• [What to do]: What needs reproducing is the run of lines in the data below starting at the line with "Incredibile ma vero, tutto" and ending at the line with "Cool! I like", both ends included. Copy it exactly, without pictures, and add nothing.

#####

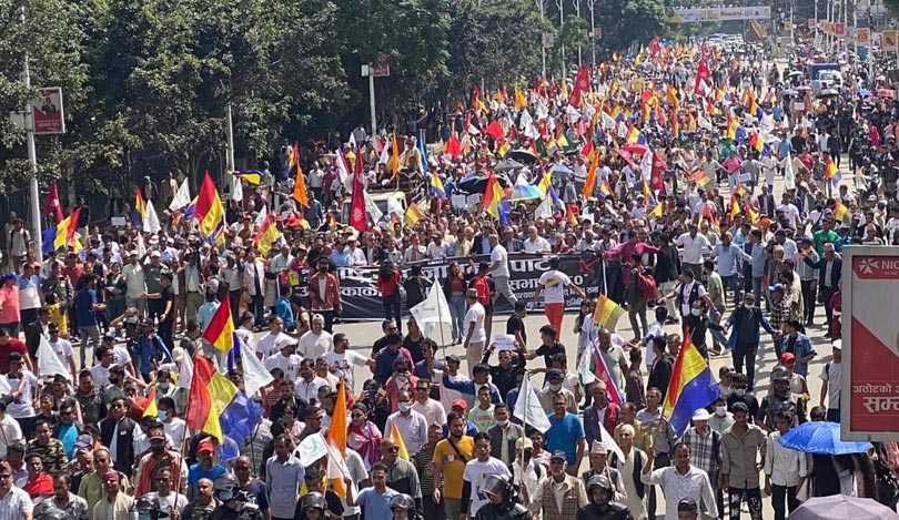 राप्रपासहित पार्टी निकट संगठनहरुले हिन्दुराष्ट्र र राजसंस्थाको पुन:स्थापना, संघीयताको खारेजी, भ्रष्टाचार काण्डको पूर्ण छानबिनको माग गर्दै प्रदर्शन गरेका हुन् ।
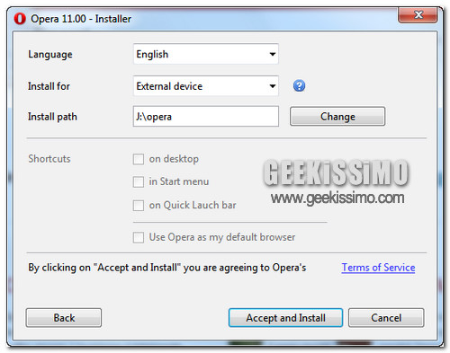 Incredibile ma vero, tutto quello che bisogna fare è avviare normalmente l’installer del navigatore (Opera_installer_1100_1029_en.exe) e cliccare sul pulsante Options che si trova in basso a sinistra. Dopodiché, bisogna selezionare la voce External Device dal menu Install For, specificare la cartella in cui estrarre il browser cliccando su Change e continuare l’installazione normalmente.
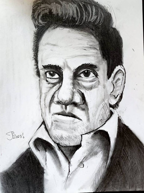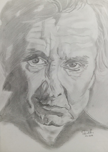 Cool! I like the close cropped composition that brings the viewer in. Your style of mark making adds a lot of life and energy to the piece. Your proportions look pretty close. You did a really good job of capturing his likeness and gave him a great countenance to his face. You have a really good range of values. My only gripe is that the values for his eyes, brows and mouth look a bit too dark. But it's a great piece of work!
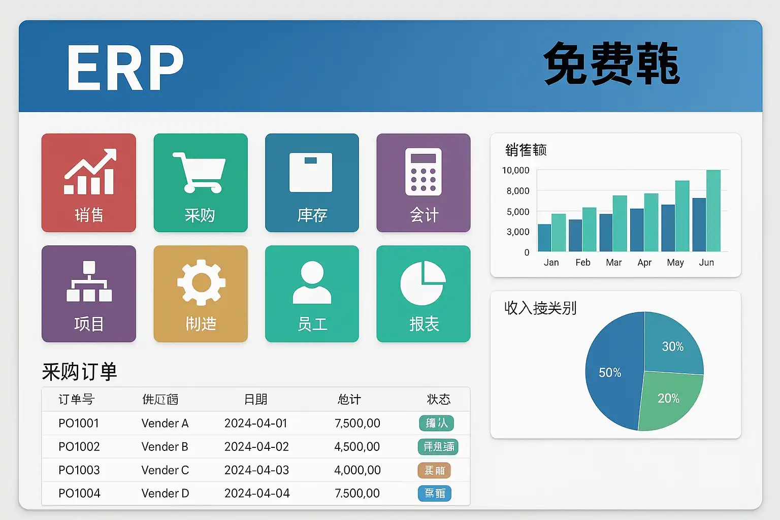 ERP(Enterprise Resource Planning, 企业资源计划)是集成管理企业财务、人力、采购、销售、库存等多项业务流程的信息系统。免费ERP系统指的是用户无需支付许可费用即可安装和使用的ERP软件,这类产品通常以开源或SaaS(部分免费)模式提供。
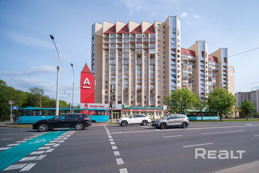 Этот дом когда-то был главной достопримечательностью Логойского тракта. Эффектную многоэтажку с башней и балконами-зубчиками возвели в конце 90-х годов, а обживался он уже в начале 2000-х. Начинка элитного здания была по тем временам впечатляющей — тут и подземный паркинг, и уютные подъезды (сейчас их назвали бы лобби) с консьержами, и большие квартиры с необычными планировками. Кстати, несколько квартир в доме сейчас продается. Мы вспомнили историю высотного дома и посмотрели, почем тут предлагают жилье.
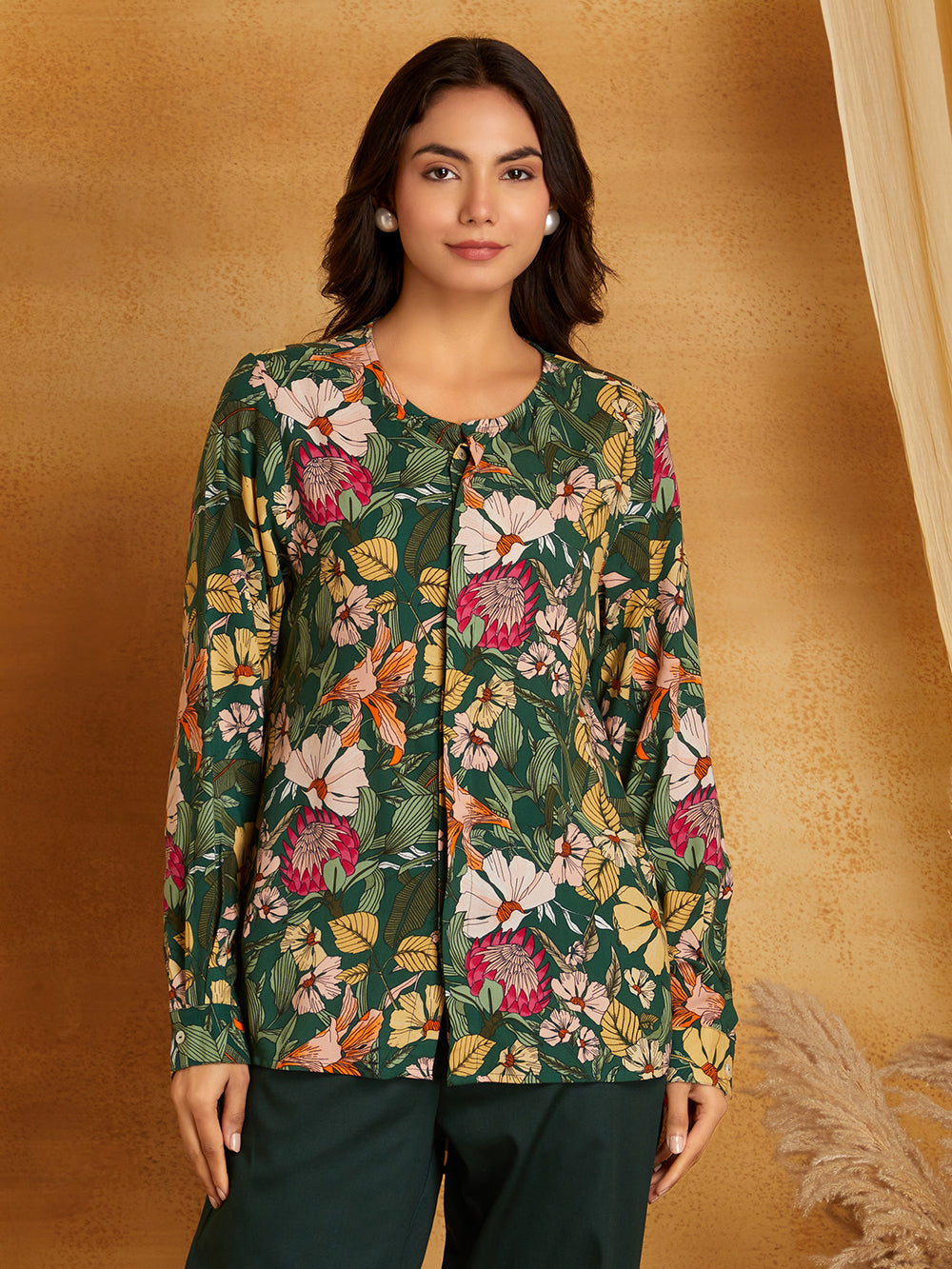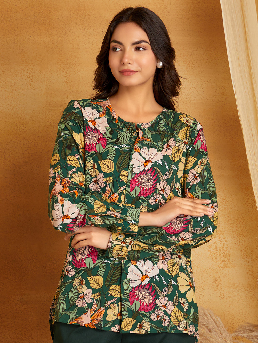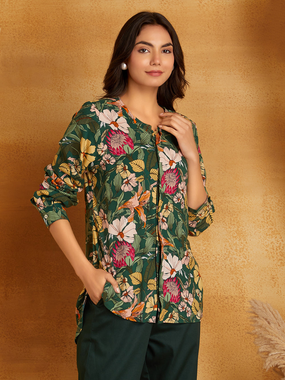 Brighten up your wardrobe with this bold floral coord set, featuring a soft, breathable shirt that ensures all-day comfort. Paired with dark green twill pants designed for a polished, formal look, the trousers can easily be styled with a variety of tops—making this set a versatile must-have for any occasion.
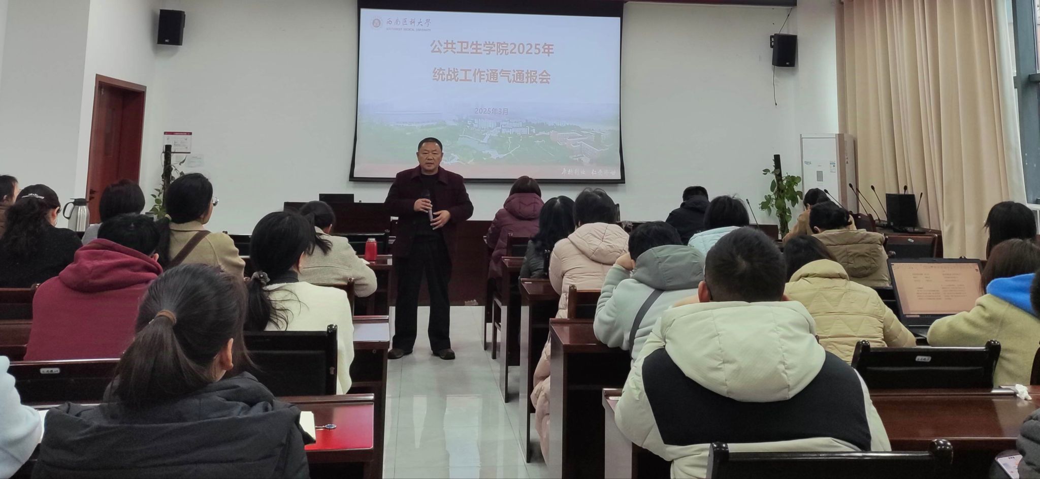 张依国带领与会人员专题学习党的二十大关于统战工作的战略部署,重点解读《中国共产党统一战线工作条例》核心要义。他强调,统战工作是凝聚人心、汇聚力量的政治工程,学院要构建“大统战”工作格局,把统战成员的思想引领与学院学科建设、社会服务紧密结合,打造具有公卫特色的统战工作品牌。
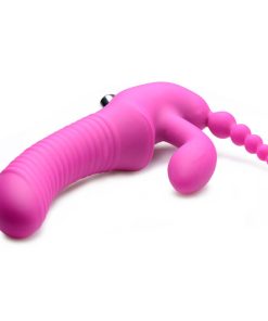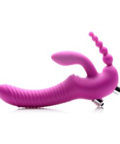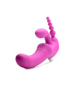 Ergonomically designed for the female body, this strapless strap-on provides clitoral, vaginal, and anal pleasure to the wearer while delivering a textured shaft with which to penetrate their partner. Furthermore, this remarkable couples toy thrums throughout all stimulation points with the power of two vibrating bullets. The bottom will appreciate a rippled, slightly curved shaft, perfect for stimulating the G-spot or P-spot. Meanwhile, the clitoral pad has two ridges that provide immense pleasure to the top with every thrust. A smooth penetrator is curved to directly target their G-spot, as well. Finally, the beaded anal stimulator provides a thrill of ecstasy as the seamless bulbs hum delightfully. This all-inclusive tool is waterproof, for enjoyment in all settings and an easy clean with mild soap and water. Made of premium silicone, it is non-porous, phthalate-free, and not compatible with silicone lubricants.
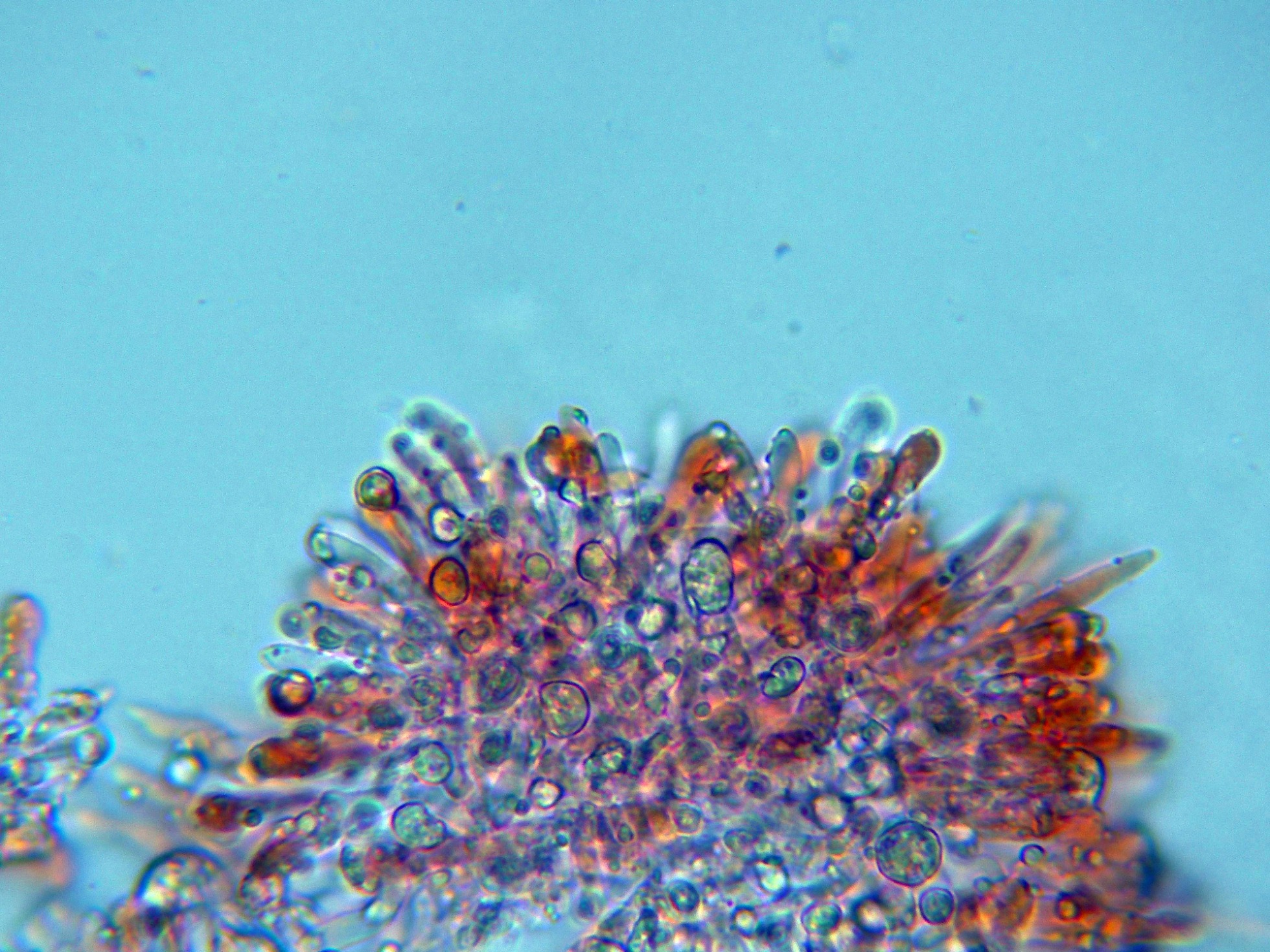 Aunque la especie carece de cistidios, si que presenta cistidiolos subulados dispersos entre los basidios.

#####

• [Exercise output]:
 Incredibile ma vero, tutto quello che bisogna fare è avviare normalmente l’installer del navigatore (Opera_installer_1100_1029_en.exe) e cliccare sul pulsante Options che si trova in basso a sinistra. Dopodiché, bisogna selezionare la voce External Device dal menu Install For, specificare la cartella in cui estrarre il browser cliccando su Change e continuare l’installazione normalmente.
 Cool! I like the close cropped composition that brings the viewer in. Your style of mark making adds a lot of life and energy to the piece. Your proportions look pretty close. You did a really good job of capturing his likeness and gave him a great countenance to his face. You have a really good range of values. My only gripe is that the values for his eyes, brows and mouth look a bit too dark. But it's a great piece of work!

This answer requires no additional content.